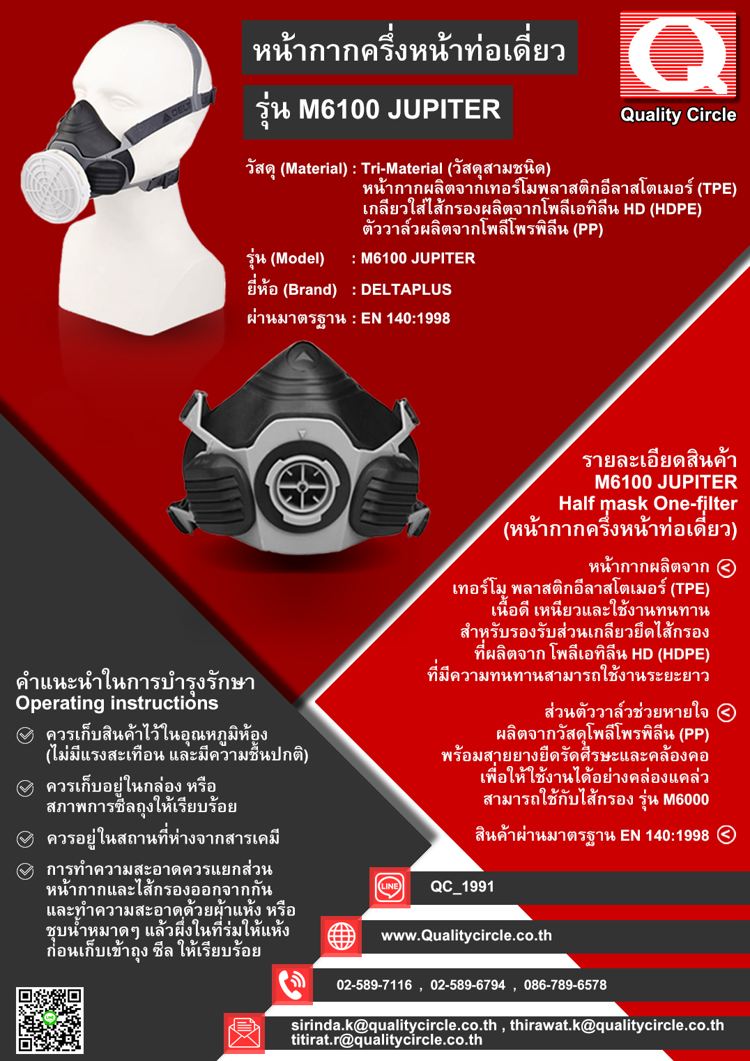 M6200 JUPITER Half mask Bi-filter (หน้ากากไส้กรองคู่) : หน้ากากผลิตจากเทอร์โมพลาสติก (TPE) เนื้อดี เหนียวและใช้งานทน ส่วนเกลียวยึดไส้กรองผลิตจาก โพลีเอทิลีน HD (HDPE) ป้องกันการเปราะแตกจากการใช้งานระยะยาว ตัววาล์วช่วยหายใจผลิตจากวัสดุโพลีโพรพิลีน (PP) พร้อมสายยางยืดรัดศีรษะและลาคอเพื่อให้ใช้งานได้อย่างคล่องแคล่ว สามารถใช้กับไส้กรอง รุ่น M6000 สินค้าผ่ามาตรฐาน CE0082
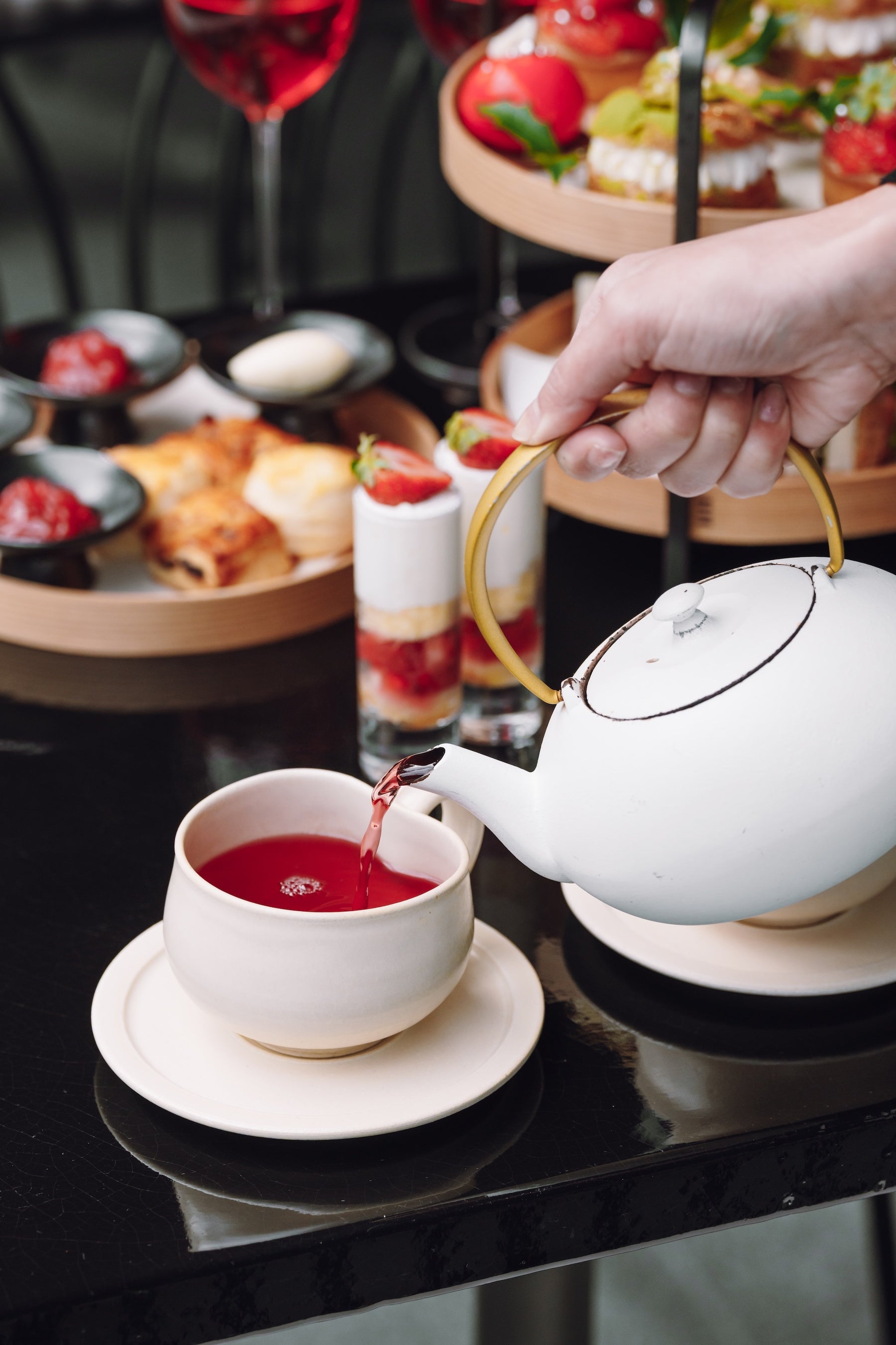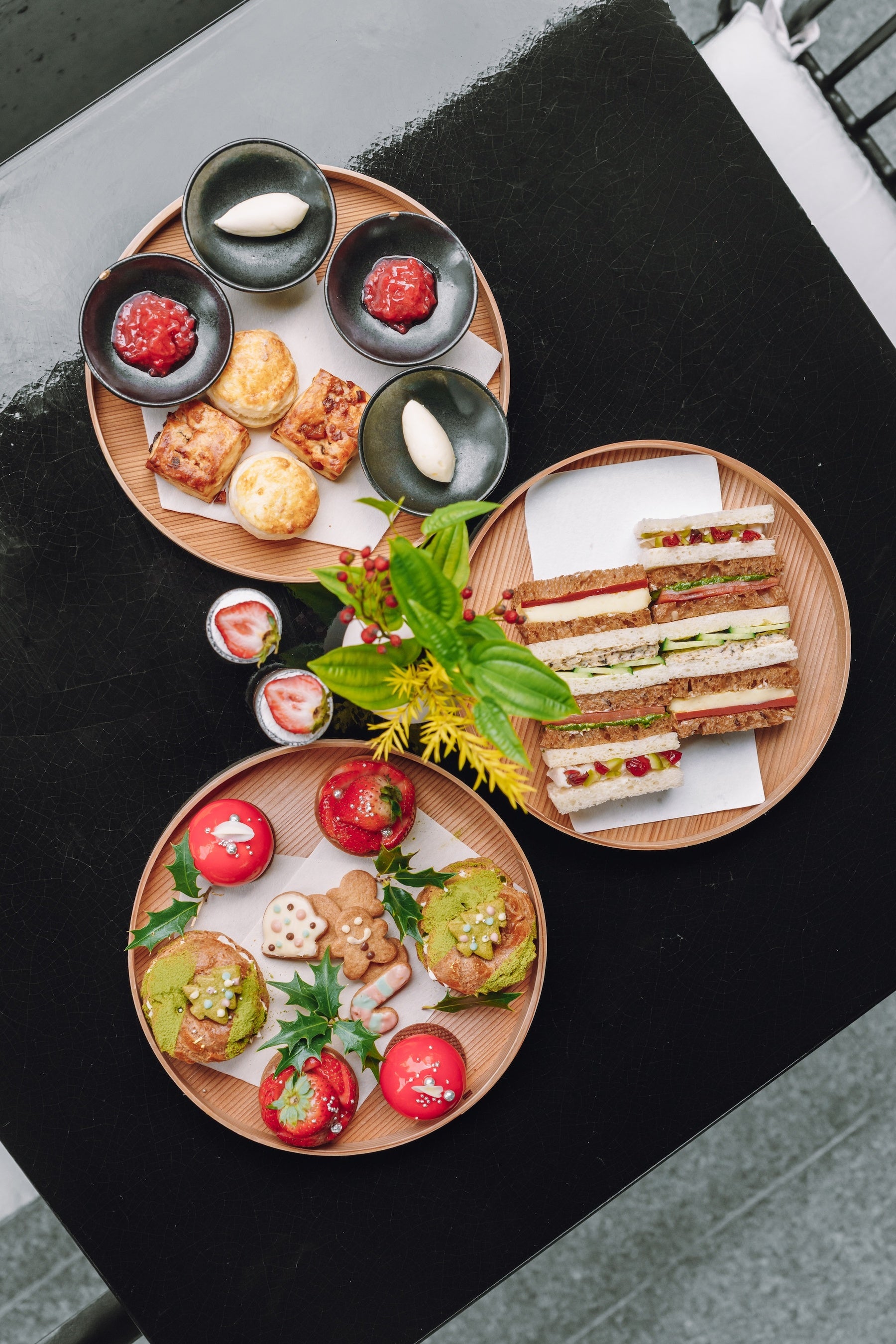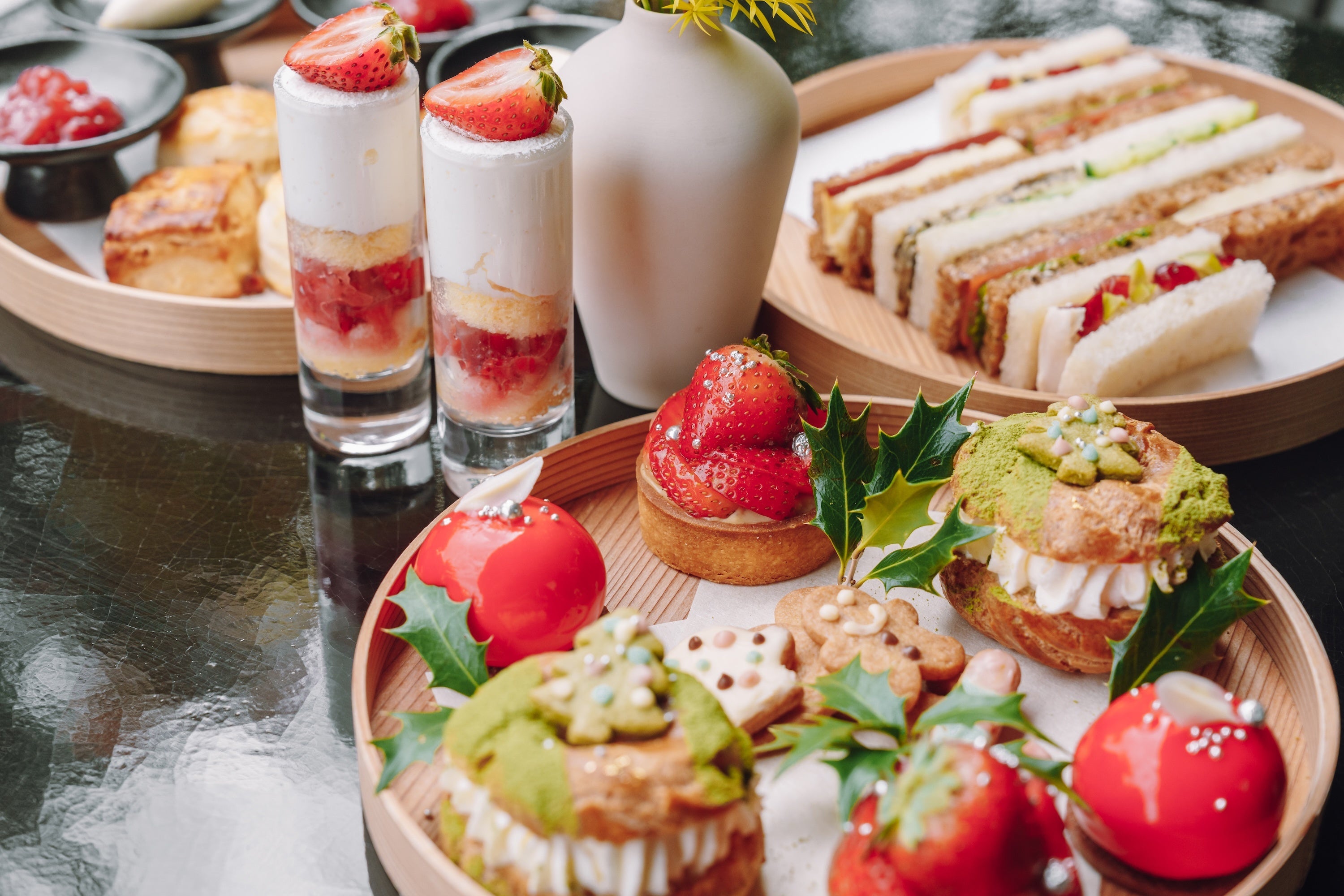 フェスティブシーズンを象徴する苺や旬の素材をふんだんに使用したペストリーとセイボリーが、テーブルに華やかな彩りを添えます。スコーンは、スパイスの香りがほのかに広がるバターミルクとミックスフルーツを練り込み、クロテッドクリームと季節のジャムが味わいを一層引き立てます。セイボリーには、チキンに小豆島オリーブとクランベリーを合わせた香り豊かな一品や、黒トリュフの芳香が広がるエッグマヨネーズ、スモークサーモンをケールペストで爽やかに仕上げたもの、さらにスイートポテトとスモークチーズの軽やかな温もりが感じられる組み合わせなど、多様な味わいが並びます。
# # # #
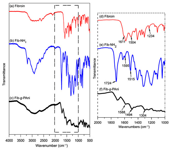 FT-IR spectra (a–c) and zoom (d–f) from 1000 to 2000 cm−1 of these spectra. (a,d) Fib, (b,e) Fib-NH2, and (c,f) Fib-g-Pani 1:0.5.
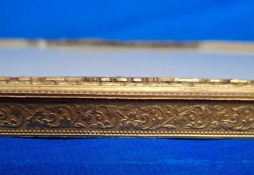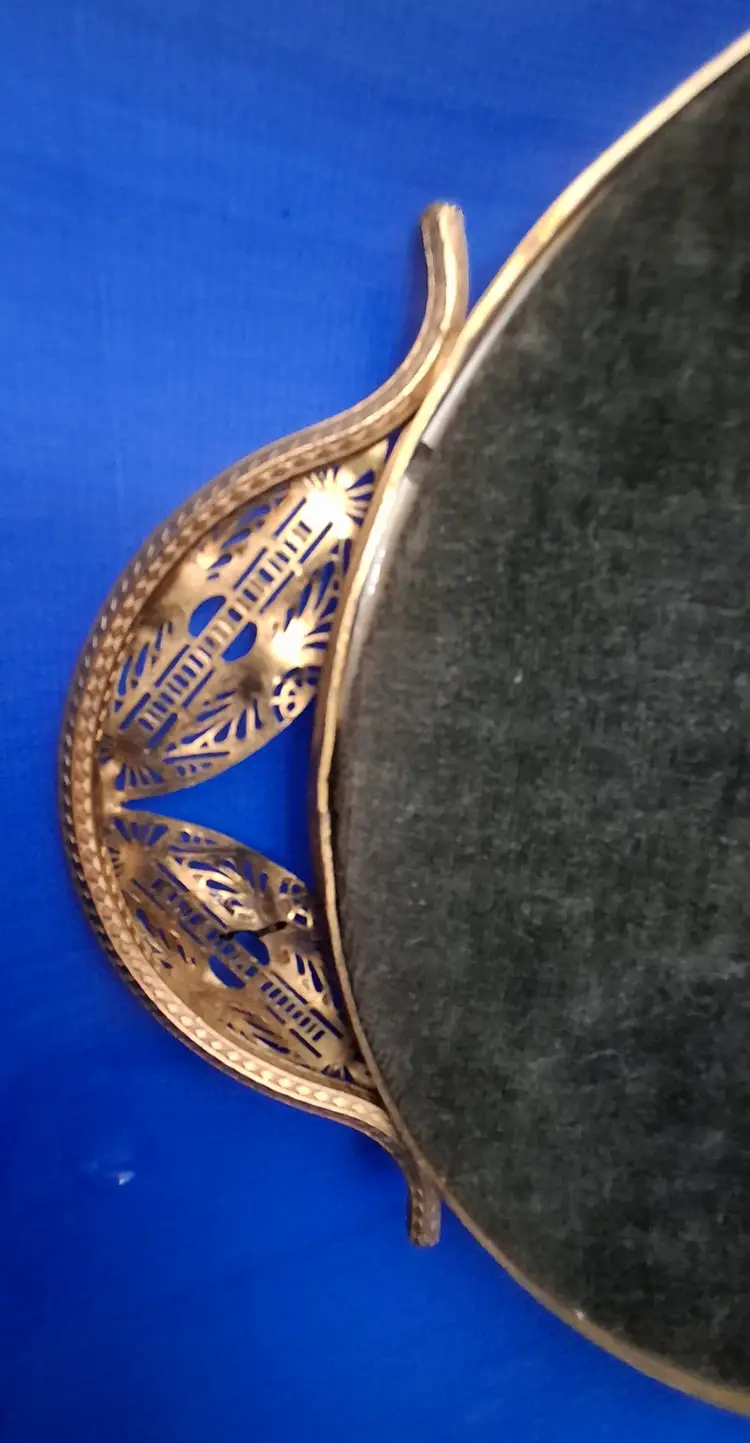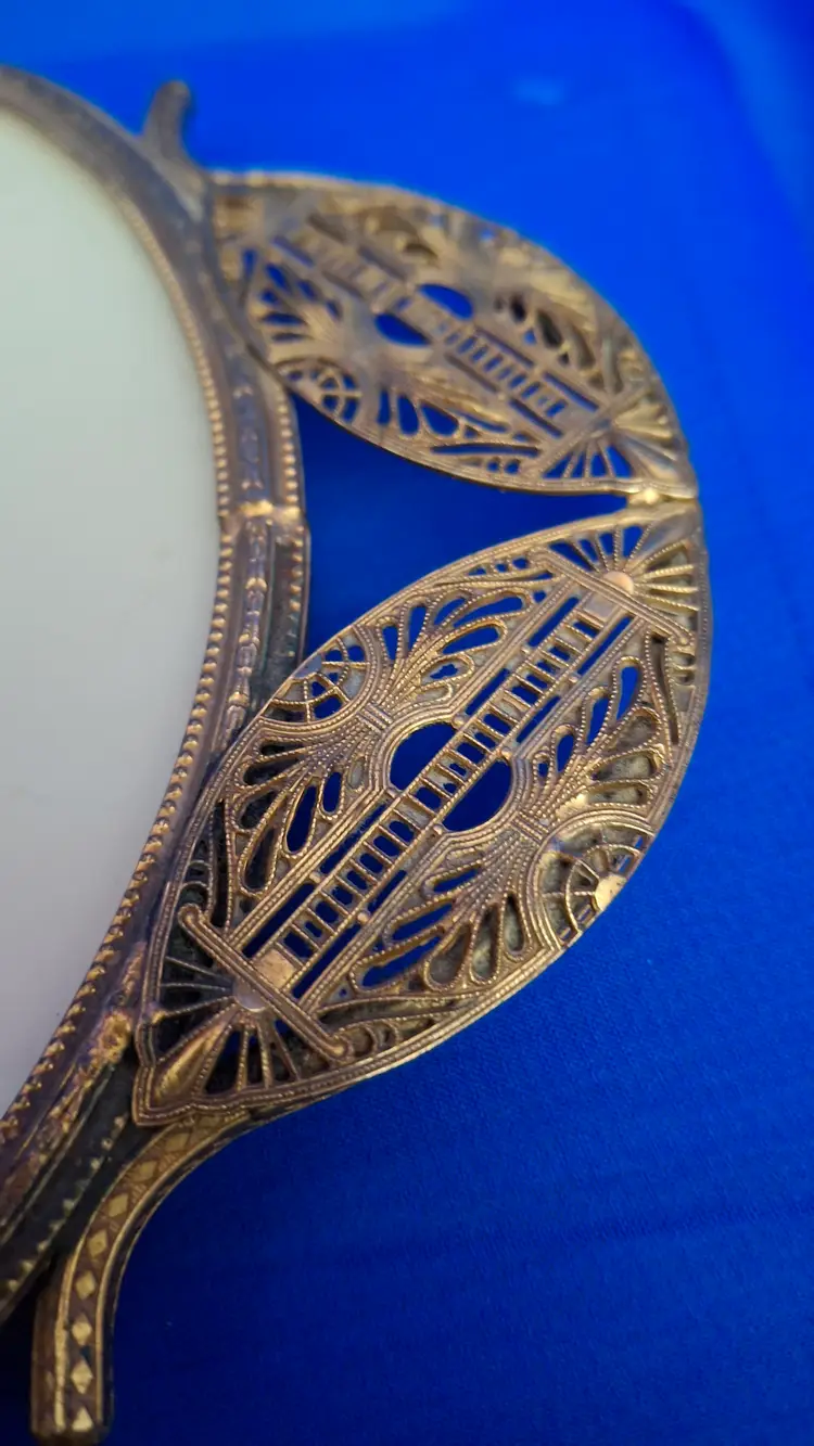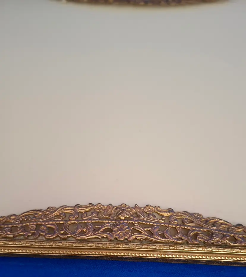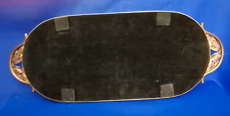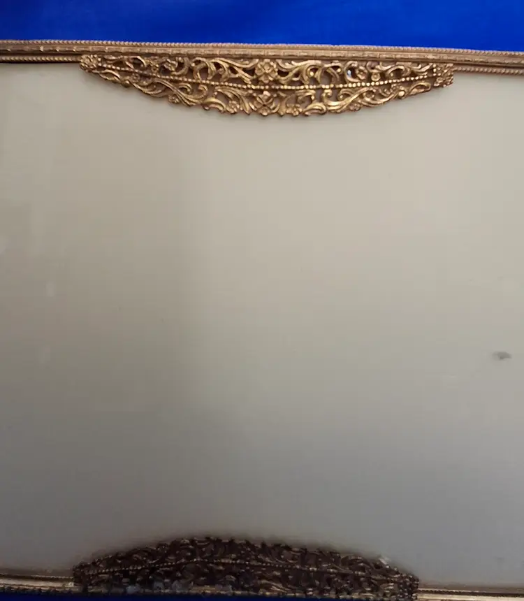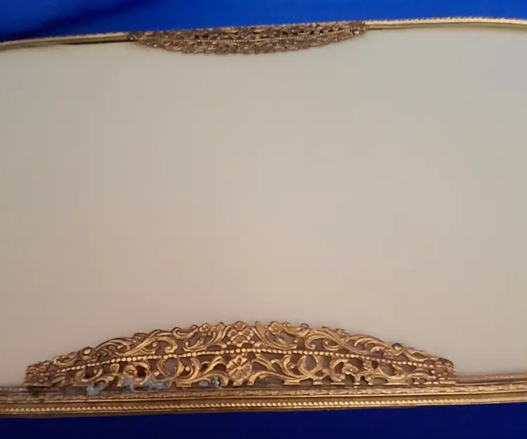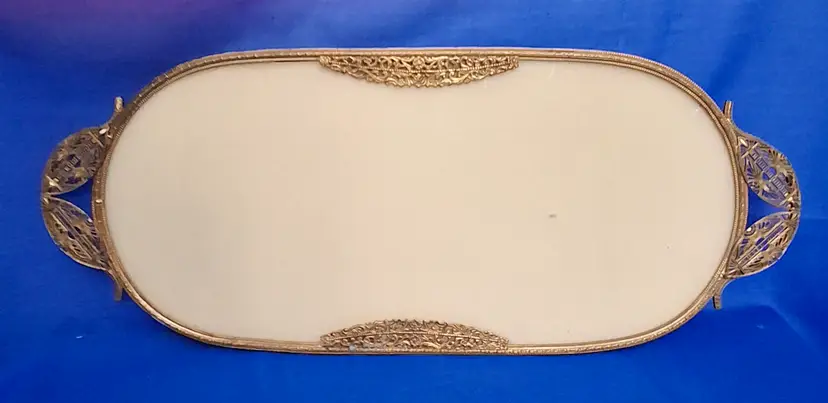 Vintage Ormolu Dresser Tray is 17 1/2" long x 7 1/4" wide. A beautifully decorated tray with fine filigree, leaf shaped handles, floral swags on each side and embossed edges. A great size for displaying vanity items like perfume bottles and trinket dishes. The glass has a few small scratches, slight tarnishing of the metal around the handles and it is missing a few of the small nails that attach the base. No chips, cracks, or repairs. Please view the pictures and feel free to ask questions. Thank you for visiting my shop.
# # # #
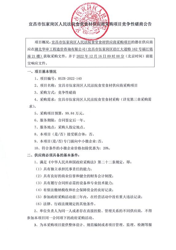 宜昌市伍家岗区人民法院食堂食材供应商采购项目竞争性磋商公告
# # # #
WHAT THIS TASK INVOLVES:
Within the listing above, extract exactly the lines that run from the one containing "FT-IR spectra (a–c)" through the one containing "Vintage Ormolu Dresser", excluding any pictures.

SOLVED EXERCISE:
 FT-IR spectra (a–c) and zoom (d–f) from 1000 to 2000 cm−1 of these spectra. (a,d) Fib, (b,e) Fib-NH2, and (c,f) Fib-g-Pani 1:0.5.
 Vintage Ormolu Dresser Tray is 17 1/2" long x 7 1/4" wide. A beautifully decorated tray with fine filigree, leaf shaped handles, floral swags on each side and embossed edges. A great size for displaying vanity items like perfume bottles and trinket dishes. The glass has a few small scratches, slight tarnishing of the metal around the handles and it is missing a few of the small nails that attach the base. No chips, cracks, or repairs. Please view the pictures and feel free to ask questions. Thank you for visiting my shop.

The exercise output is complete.